--- Task goal ---
In the material below, the lines between the one holding "Mẫu vé kiểm" and the one holding "This Limited Edition", inclusive, are to be set down word for word. Pictures stay out.

--- Information shown ---
-=-=-=-=-

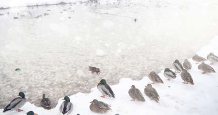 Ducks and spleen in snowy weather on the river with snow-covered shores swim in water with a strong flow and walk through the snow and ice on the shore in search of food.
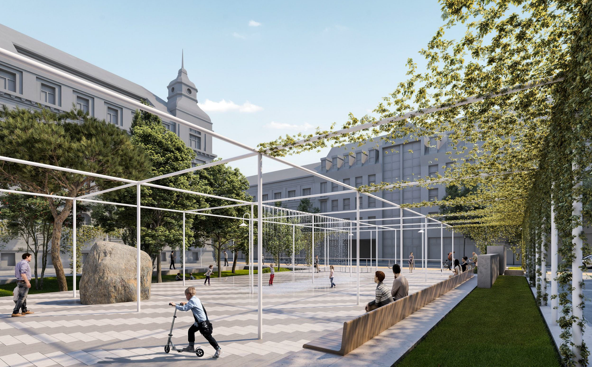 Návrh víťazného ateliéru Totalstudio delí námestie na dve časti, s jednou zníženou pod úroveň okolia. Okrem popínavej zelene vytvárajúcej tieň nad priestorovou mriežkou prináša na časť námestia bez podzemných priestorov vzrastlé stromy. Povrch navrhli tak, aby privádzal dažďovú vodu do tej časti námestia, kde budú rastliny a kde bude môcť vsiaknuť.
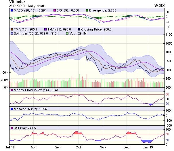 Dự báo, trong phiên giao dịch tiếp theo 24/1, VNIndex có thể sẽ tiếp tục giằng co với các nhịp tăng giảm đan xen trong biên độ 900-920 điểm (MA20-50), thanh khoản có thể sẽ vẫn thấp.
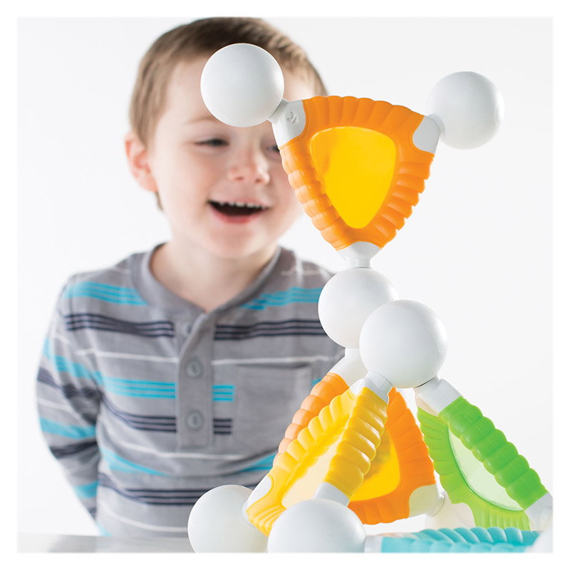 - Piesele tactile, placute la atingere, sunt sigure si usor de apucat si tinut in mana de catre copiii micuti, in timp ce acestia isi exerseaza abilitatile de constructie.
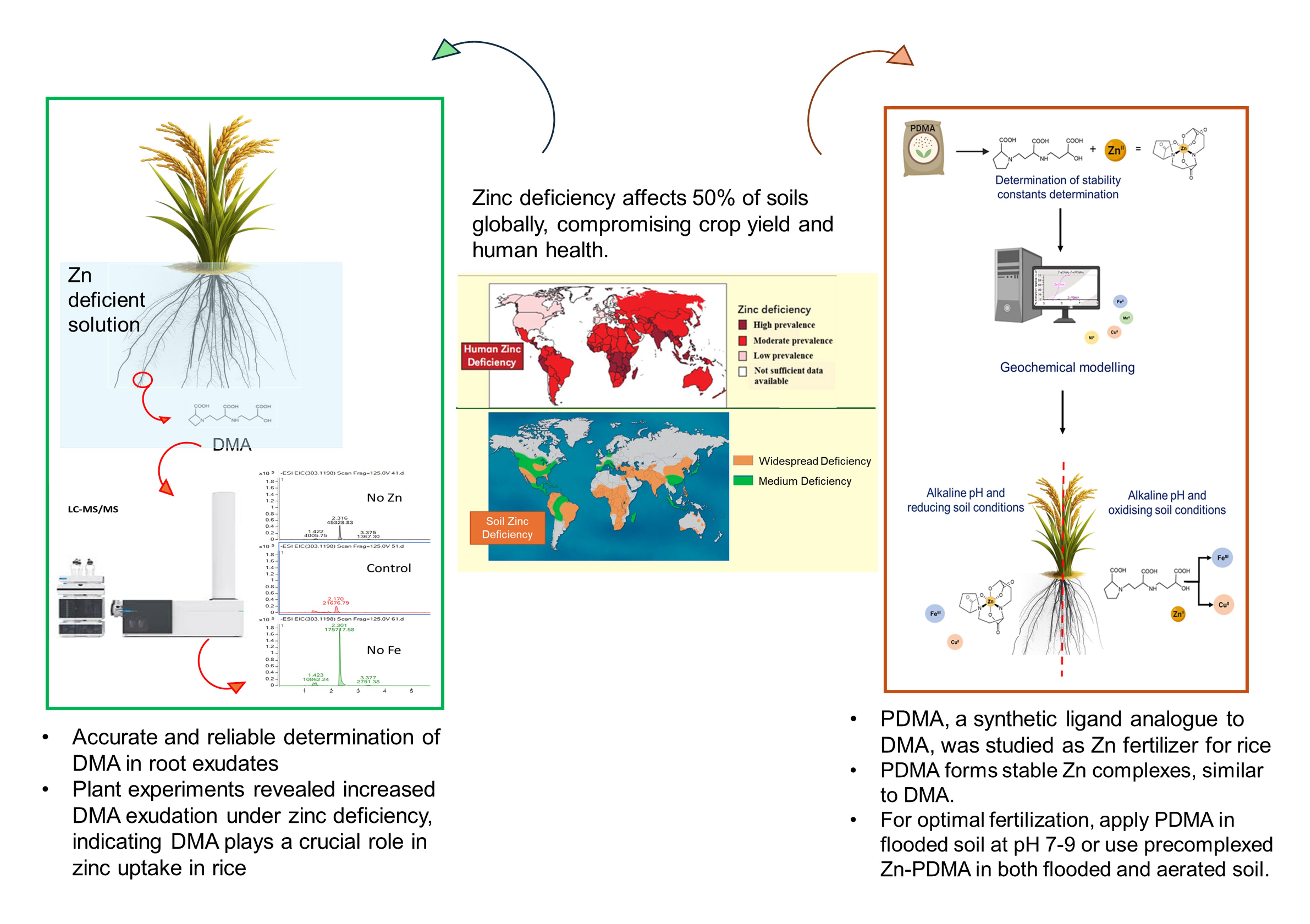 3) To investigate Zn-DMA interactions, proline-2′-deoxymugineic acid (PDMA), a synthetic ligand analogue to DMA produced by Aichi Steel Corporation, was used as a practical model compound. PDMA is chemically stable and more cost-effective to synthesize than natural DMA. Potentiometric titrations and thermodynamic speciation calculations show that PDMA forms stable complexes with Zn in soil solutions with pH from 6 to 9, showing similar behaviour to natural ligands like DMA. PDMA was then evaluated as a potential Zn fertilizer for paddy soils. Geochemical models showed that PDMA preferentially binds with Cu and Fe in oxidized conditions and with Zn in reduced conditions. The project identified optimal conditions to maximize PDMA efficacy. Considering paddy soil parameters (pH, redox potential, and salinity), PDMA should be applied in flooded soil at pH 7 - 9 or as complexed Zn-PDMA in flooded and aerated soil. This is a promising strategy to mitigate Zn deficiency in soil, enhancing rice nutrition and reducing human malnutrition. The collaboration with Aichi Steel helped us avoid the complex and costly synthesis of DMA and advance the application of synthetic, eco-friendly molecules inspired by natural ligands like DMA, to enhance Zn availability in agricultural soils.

-=-=-=-=-

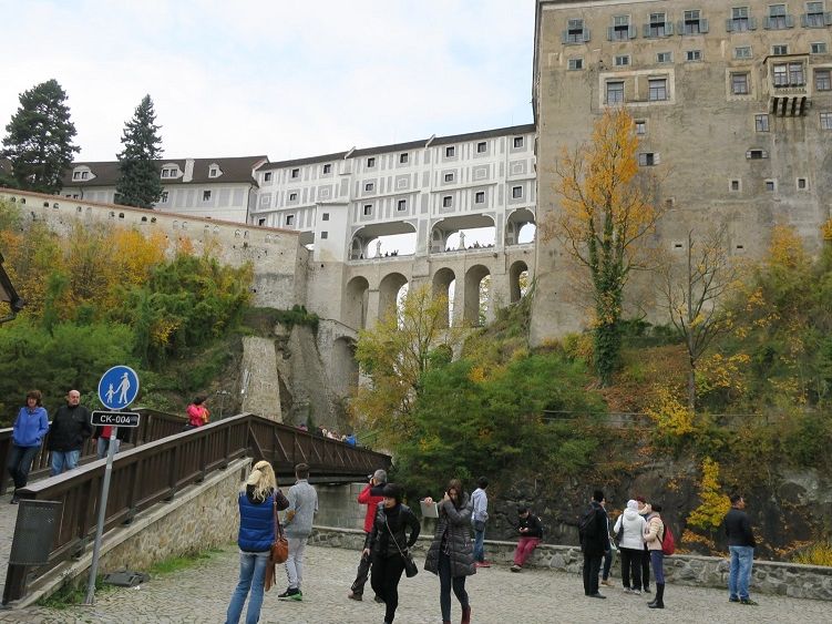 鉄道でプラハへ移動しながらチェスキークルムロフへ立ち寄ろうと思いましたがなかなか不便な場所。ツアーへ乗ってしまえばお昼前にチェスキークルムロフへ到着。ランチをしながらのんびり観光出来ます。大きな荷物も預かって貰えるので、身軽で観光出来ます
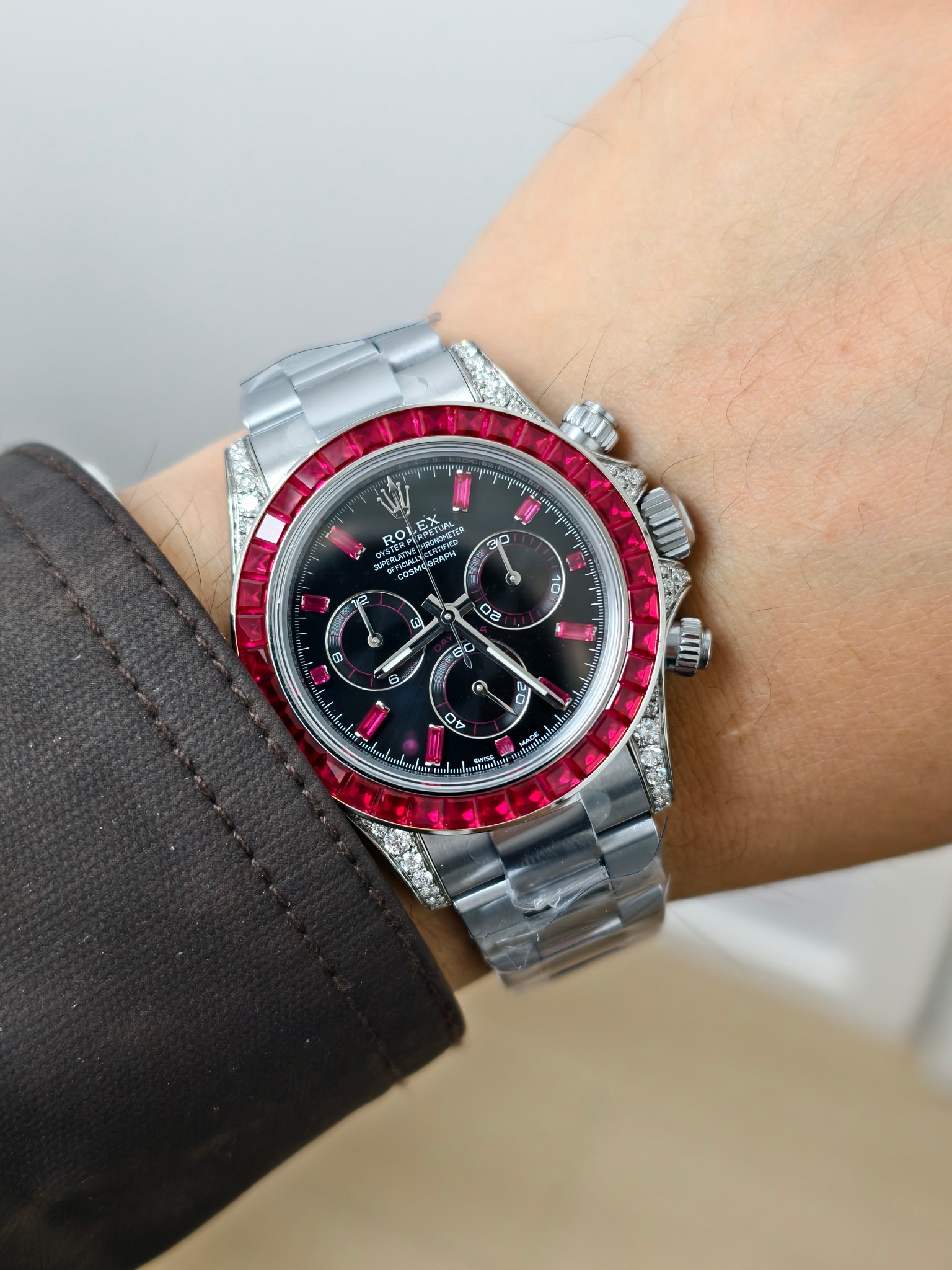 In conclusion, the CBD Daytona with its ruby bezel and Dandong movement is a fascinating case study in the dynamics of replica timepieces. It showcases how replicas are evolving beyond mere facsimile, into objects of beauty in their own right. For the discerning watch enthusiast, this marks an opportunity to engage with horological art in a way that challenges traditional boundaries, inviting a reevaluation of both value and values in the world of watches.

-=-=-=-=-

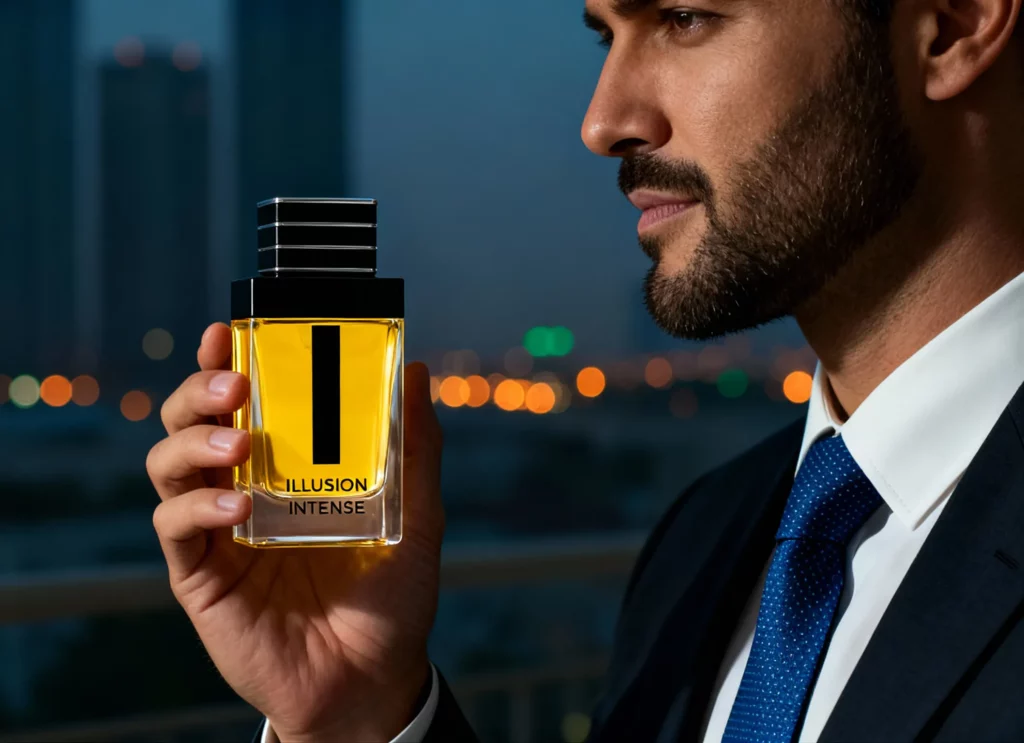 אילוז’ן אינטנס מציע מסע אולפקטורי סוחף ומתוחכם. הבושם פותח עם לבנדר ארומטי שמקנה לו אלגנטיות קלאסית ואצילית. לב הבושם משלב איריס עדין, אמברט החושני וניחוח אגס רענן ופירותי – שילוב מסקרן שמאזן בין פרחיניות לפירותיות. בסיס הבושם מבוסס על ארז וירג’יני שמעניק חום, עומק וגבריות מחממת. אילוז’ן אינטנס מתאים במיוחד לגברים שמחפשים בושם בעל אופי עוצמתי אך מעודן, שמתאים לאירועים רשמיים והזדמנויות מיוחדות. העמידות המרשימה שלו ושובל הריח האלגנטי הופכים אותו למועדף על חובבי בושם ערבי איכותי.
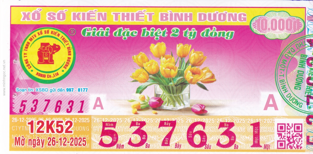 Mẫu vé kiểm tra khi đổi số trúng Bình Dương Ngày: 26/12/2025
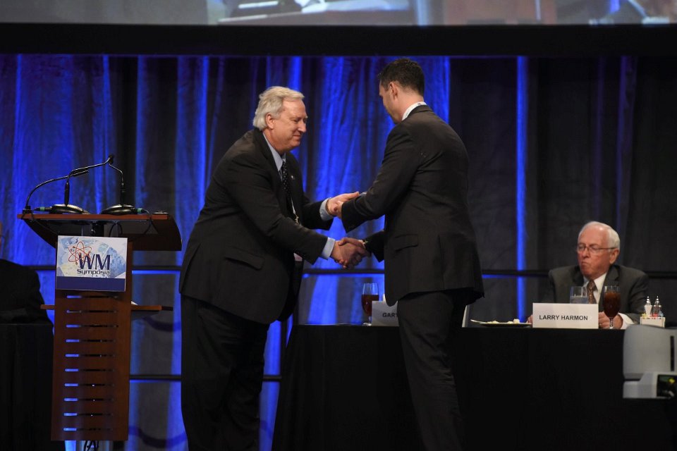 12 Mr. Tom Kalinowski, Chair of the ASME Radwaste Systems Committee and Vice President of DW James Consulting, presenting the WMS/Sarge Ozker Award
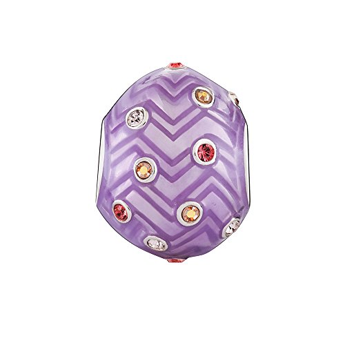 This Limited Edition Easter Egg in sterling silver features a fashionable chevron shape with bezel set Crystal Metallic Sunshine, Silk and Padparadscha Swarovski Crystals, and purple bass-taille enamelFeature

-=-=-=-=-

--- Response to the exercise ---
 Mẫu vé kiểm tra khi đổi số trúng Bình Dương Ngày: 26/12/2025
 12 Mr. Tom Kalinowski, Chair of the ASME Radwaste Systems Committee and Vice President of DW James Consulting, presenting the WMS/Sarge Ozker Award
 This Limited Edition Easter Egg in sterling silver features a fashionable chevron shape with bezel set Crystal Metallic Sunshine, Silk and Padparadscha Swarovski Crystals, and purple bass-taille enamelFeature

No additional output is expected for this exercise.